Canada to Prohibit Single-Use Plastics, Including Straws and Grocery Bags

Published on: June 22, 2022
by KnowESG
Canada to Prohibit Single-Use Plastics, Including Straws and Grocery Bags

The government of Canada recently announced that single-use plastics would be banned from manufacture and importation by the end of the year, as part of a massive push to eliminate plastic waste and address climate change. With a few exclusions for medical reasons, the prohibition includes checkout bags, cutlery, straws, and food-service ware made from or containing hard-to-recycle plastics. It will take effect in December 2022, and the sale of those plastic objects will be prohibited in December 2023.


The majority of the plastic waste on Canadian beaches is made up of single-use plastics. According to government figures, up to 15 billion plastic checkout bags are used each year, and around 16 million straws are used every day.

The prohibition, according to Prime Minister Justin Trudeau, will remove more than 1.3 million tonnes of plastic waste over the next decade, the equivalent of 1 million garbage bags of trash.

We promised to ban harmful single-use plastics, and we’re keeping that promise,” Trudeau wrote in a tweet.

To address international plastic pollution, Canada will also prohibit the export of those plastics by the end of 2025.

By the end of the year, you won’t be able to manufacture or import these harmful plastics,” said Steven Guilbeault, the federal minister of environment and climate change. “After that, businesses will begin offering the sustainable solutions Canadians want, whether that’s paper straws or reusable bags.”

“With these new regulations, we’re taking a historic step forward in reducing plastic pollution and keeping our communities and the places we love clean,” Guilbeault said.

Plastics are created from petroleum and can take hundreds of years to degrade.
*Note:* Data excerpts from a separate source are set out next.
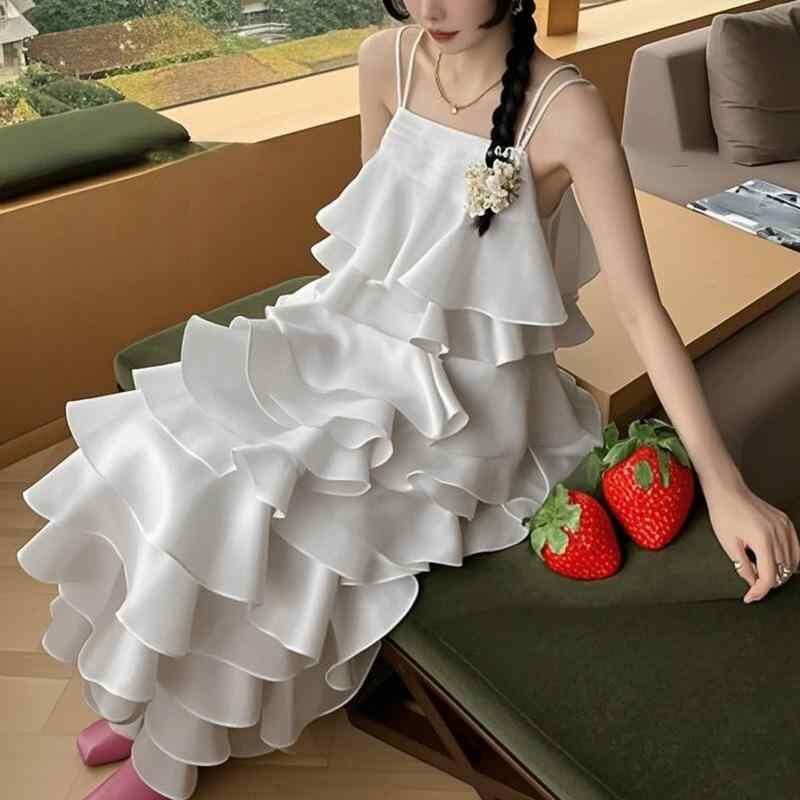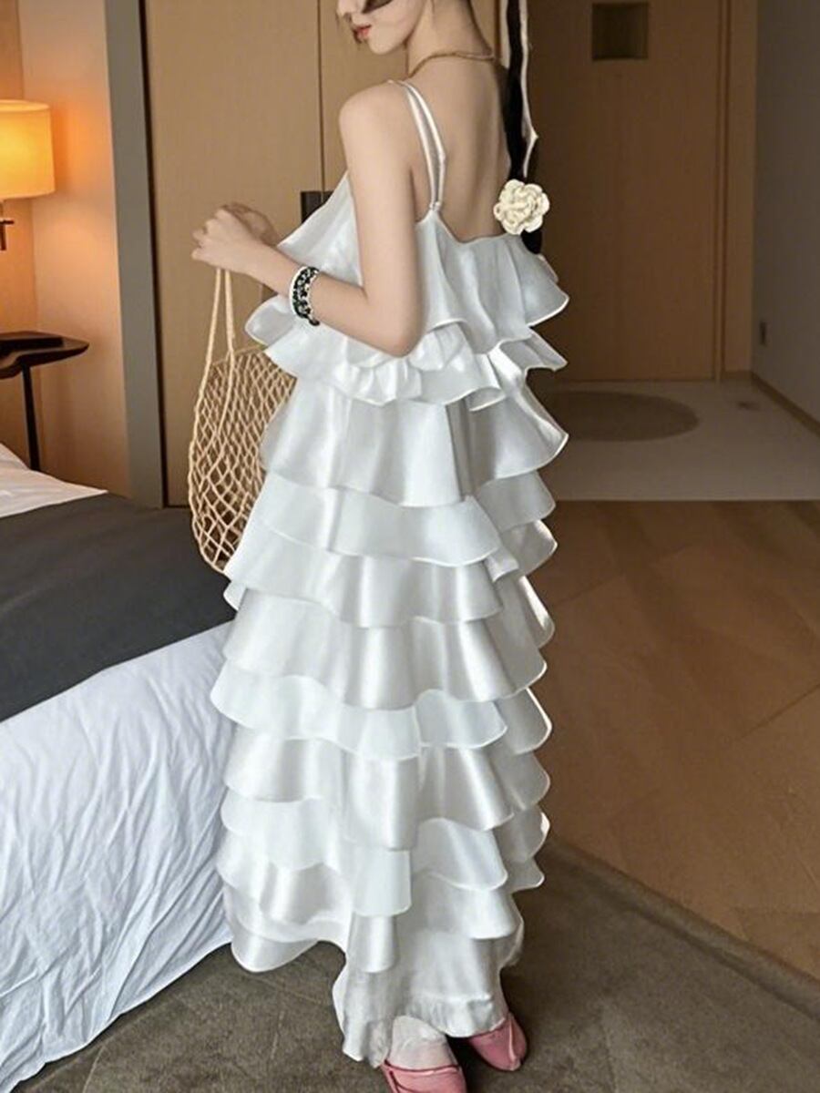 ワンピース レディース エレガント キャミソール ロング丈 オフショルダー ノースリーブ レイヤード フリル 切り替え 無地 ポリエステル コットン ミドルウエスト アシンメトリー 夏
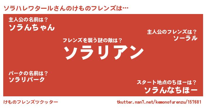 | ヒーロー風カッコイイあだ名 | 『正義の使者ソラハレワタール』 |
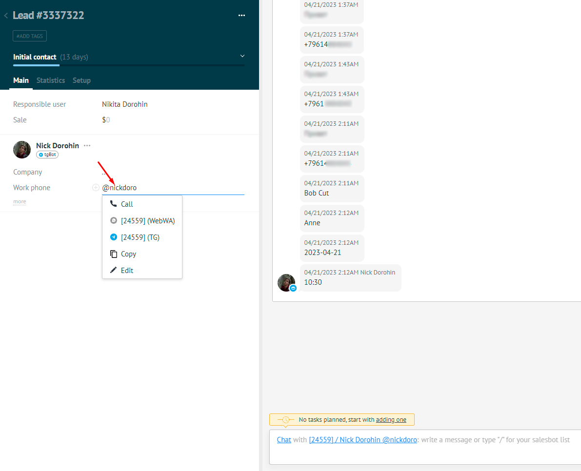 Let’s see an example – to write first from Bitrix24 in WhatsApp to the user from the created deal:
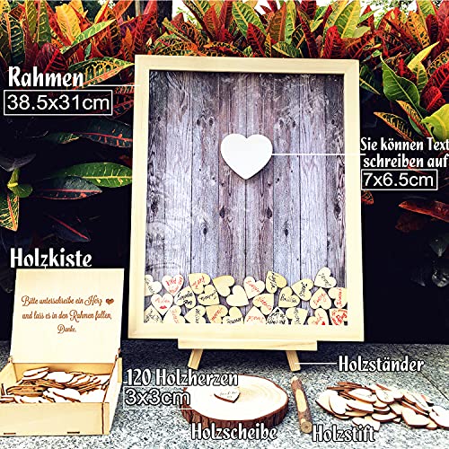 Rahmenset +120 leere Holzherzen (auf die Namen und Wünsche geschrieben werden können) + Holzständer + Holzstift + Holzscheibe
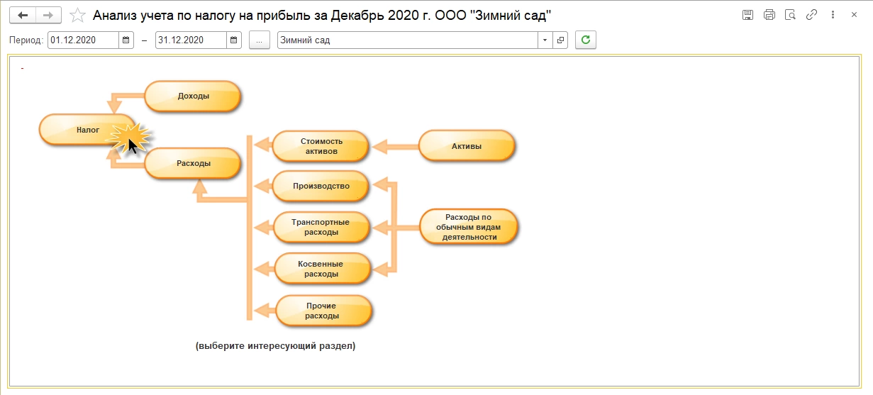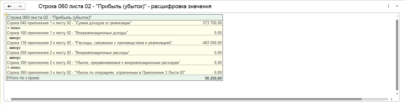 Некоторые ячейки отчета можно расшифровать и посмотреть детализацию, нажав на них мышкой. Пользователь увидит, из чего складывается прибыль до исчисления налога, ее составляющие.
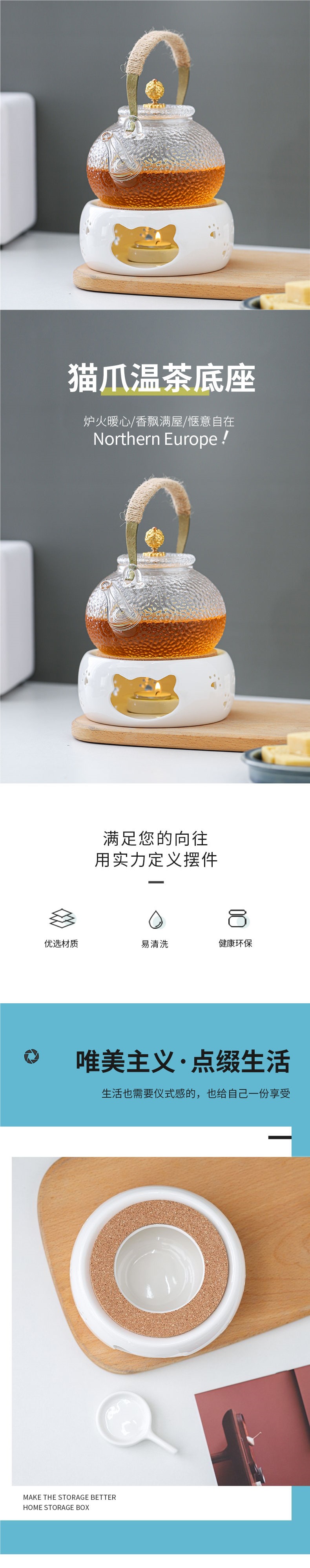 Чайная плита с подогревом фруктов, чайник с основанием в виде кошачьей лапки, ресторанный стеклянный чайник для заваривания цветочного чая, домашняя изоляция, керамическая, для отеля

According to a congressionally mandated report from 2021, the United States is the world's largest contributor to plastic waste. 

The Interior Department said last month that single-use plastic goods would be phased out of national parks and other public places by 2032.

In a statement, Sarah King, the head of Greenpeace Canada's oceans and plastics campaign, said that while the ban is a significant step forward, "we aren't even at the starting line."

“The government needs to shift into high gear by expanding the ban list and cutting overall plastic production,” King said. “Relying on recycling for the other 95% is a denial of the scope of the crisis.”